### Task instructions
In the listing that follows, retype every line from the first through the one containing "Cross-Border Christmas Dog". Pictures are to be left out.

### Data block
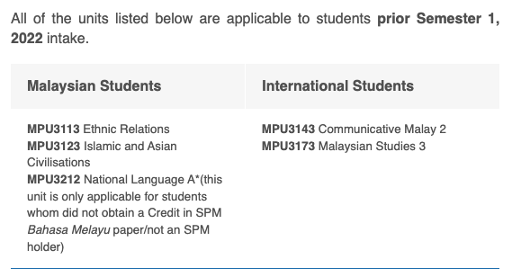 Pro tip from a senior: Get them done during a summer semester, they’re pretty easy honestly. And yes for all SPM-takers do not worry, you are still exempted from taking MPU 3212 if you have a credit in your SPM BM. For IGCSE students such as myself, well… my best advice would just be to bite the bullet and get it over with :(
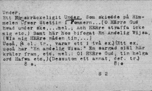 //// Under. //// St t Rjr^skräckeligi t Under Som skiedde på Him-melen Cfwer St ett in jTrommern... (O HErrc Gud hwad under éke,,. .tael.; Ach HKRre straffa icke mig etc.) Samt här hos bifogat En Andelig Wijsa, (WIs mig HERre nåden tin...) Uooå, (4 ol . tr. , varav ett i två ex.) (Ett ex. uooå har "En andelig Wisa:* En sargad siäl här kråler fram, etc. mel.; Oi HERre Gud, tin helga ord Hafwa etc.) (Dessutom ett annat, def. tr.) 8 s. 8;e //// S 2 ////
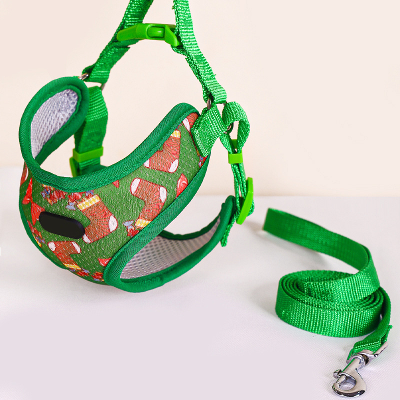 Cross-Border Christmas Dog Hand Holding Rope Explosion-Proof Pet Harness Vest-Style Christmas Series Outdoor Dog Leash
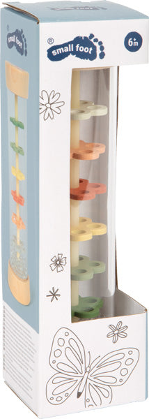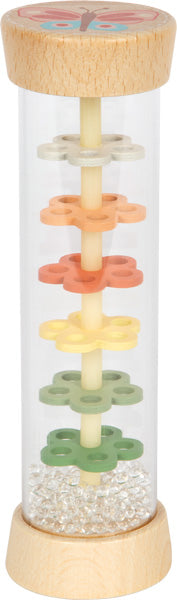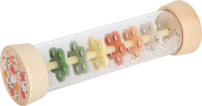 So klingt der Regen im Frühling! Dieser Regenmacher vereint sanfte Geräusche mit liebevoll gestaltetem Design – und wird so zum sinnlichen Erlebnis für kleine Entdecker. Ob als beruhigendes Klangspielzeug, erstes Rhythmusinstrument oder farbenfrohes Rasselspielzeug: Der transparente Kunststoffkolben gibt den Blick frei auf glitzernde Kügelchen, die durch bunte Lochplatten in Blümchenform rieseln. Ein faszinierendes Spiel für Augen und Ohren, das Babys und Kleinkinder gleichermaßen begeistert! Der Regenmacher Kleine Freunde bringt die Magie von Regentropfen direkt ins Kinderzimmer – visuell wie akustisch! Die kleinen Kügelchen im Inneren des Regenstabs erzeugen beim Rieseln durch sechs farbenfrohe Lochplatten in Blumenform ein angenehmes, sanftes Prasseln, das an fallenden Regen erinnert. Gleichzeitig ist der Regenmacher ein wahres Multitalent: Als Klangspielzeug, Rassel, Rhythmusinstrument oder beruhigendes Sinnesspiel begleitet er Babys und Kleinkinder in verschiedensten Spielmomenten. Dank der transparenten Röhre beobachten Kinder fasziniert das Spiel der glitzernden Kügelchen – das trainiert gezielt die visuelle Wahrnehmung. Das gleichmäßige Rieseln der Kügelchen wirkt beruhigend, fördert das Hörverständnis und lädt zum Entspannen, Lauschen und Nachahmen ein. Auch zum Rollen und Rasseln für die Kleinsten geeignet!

### Solution to this task
 Pro tip from a senior: Get them done during a summer semester, they’re pretty easy honestly. And yes for all SPM-takers do not worry, you are still exempted from taking MPU 3212 if you have a credit in your SPM BM. For IGCSE students such as myself, well… my best advice would just be to bite the bullet and get it over with :(
 //// Under. //// St t Rjr^skräckeligi t Under Som skiedde på Him-melen Cfwer St ett in jTrommern... (O HErrc Gud hwad under éke,,. .tael.; Ach HKRre straffa icke mig etc.) Samt här hos bifogat En Andelig Wijsa, (WIs mig HERre nåden tin...) Uooå, (4 ol . tr. , varav ett i två ex.) (Ett ex. uooå har "En andelig Wisa:* En sargad siäl här kråler fram, etc. mel.; Oi HERre Gud, tin helga ord Hafwa etc.) (Dessutom ett annat, def. tr.) 8 s. 8;e //// S 2 ////
 Cross-Border Christmas Dog Hand Holding Rope Explosion-Proof Pet Harness Vest-Style Christmas Series Outdoor Dog Leash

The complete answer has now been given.